> [Instructions to follow]
Transcribe all of the data verbatim, please, and leave out its pictures.

> [Supplied material]
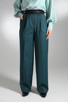 Брюки женские из костюмной ткани. Посадка- средняя. Слегка заужены к низу, с наклонными карманами и регулируемым резинкой поясом. Застегиааются на молнию по переду и одну пуговицу.
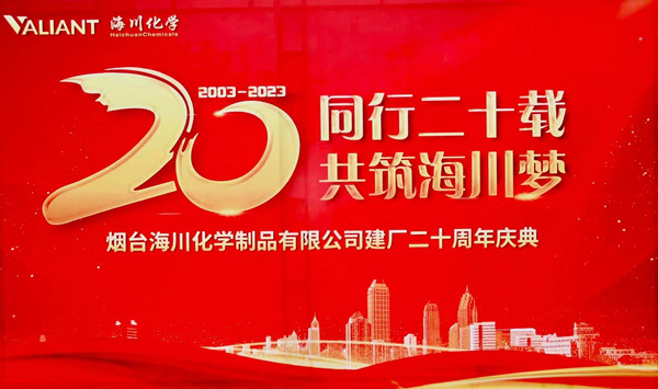 2023年6月10日,海川化學(xué)成立二十周年,海川公司先后組織全體員工開(kāi)展征文及書(shū)法繪畫(huà)作品征集、回顧二十載短視頻制作等活動(dòng)。6月10日上午,全體員工在廠區(qū)進(jìn)行集體合影留念,共同慶祝海川公司成立20周年。
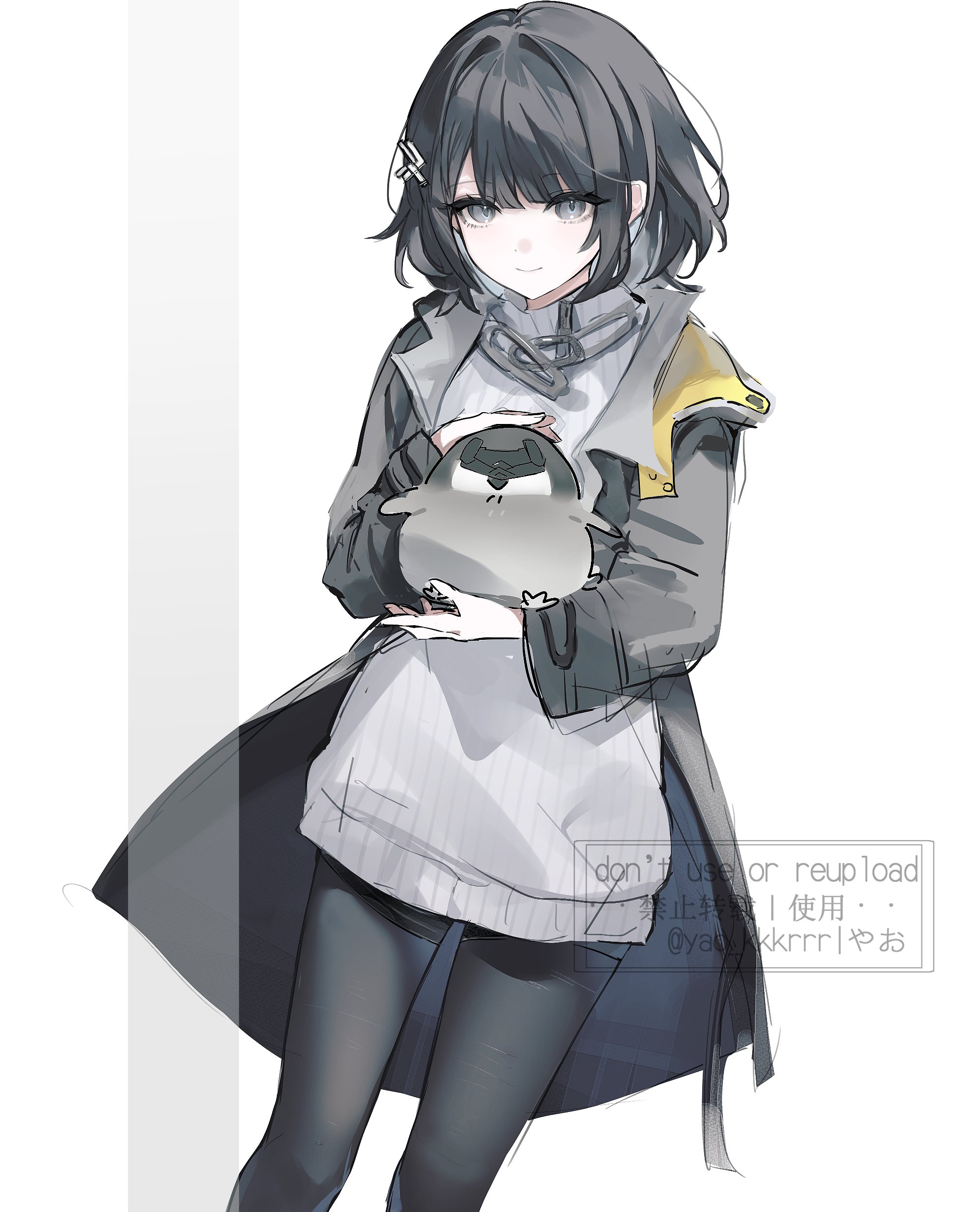 1girl absurdres animalization arknights arknights:_endfield bird black_coat black_hair black_pantyhose closed_mouth coat commentary_request cowboy_shot endministrator_(arknights) eye_mask female_endministrator_(arknights) grey_eyes highres hood hooded_coat light_smile long_sleeves looking_at_viewer mask medium_hair no_mask open_clothes pantyhose penguin person_and_animalization ribbed_sweater solo sweater twitter_username white_background white_sweater yao_krr

> [Result below]
 Брюки женские из костюмной ткани. Посадка- средняя. Слегка заужены к низу, с наклонными карманами и регулируемым резинкой поясом. Застегиааются на молнию по переду и одну пуговицу.
 2023年6月10日,海川化學(xué)成立二十周年,海川公司先后組織全體員工開(kāi)展征文及書(shū)法繪畫(huà)作品征集、回顧二十載短視頻制作等活動(dòng)。6月10日上午,全體員工在廠區(qū)進(jìn)行集體合影留念,共同慶祝海川公司成立20周年。
 1girl absurdres animalization arknights arknights:_endfield bird black_coat black_hair black_pantyhose closed_mouth coat commentary_request cowboy_shot endministrator_(arknights) eye_mask female_endministrator_(arknights) grey_eyes highres hood hooded_coat light_smile long_sleeves looking_at_viewer mask medium_hair no_mask open_clothes pantyhose penguin person_and_animalization ribbed_sweater solo sweater twitter_username white_background white_sweater yao_krr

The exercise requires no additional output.